Effect of altitude on mortality of end-stage renal disease patients on hemodialysis in Peru
Author(s) -
Katia BravoJaimes,
Viky Yanina Loescher,
Carlos CaneloAybar,
José Rojas-Camayo,
Christian R. Mejía,
Sandra Schult,
Rubén Nieto,
Kyra Singh,
Susan Messing,
Juana Hinostroza
Publication year - 2020
Publication title -
clinical kidney journal
Language(s) - English
Resource type - Journals
SCImago Journal Rank - 1.033
H-Index - 40
eISSN - 2048-8513
pISSN - 2048-8505
DOI - 10.1093/ckj/sfaa056
Subject(s) - medicine , end stage renal disease , hemodialysis , stage (stratigraphy) , altitude (triangle) , intensive care medicine , disease , geometry , mathematics , paleontology , biology
Background In Latin America, the prevalence of end-stage kidney disease (ESKD) has risen tremendously during the last decade. Previous studies have suggested that receiving dialysis at high altitude confers mortality benefits; however, this effect has not been demonstrated at >2000 m above sea level (masl) or in developing countries.
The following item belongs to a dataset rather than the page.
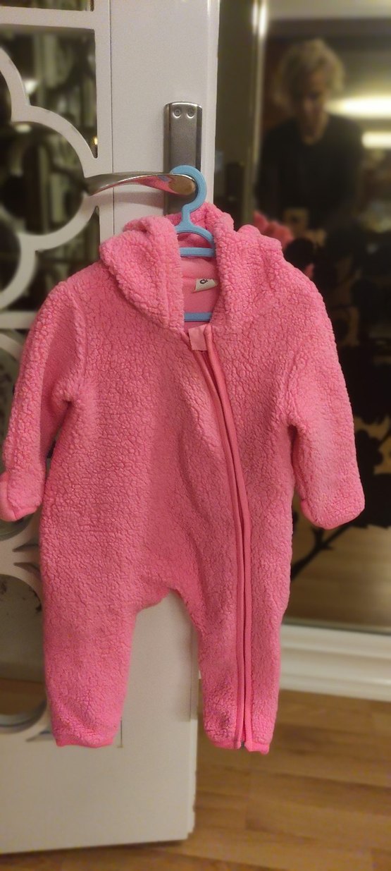 Renkli pembe tonunda, kürklü detaylı ve yakası notched lapel olan bebek kız tulumu, soğuk günler için sıcak tutar. ❄️

Methods This historical cohort study analyzed medical records from six Peruvian hemodialysis (HD) centers located at altitudes ranging from 44 to 3827 masl. Adult ESKD patients who started maintenance HD between 2000 and 2010 were included. Patients were classified into two strata based on the elevation above sea level of their city of residence: low altitude (<2000 masl) and high altitude (≥2000 masl). Death from any cause was collected from national registries and Cox proportional hazards models were built. Results A total of 720 patients were enrolled and 163 (22.6%) resided at high altitude. The low-altitude group was significantly younger, more likely to have diabetes or glomerulonephritis as the cause of ESKD and higher hemoglobin. The all-cause mortality rate was 84.3 per 1000 person-years. In the unadjusted Cox model, no mortality difference was found between the high- and low-altitude groups {hazard ratio [HR] 1.20 [95% confidence interval (CI) 0.89–1.62]}. After multivariable adjustment, receiving HD at high altitude was not significantly associated with higher mortality, but those with diabetes as the cause of ESKD had significantly higher mortality [HR 2.50 (95% CI 1.36–4.59)]. Conclusions In Peru, patients receiving HD at high altitudes do not have mortality benefits.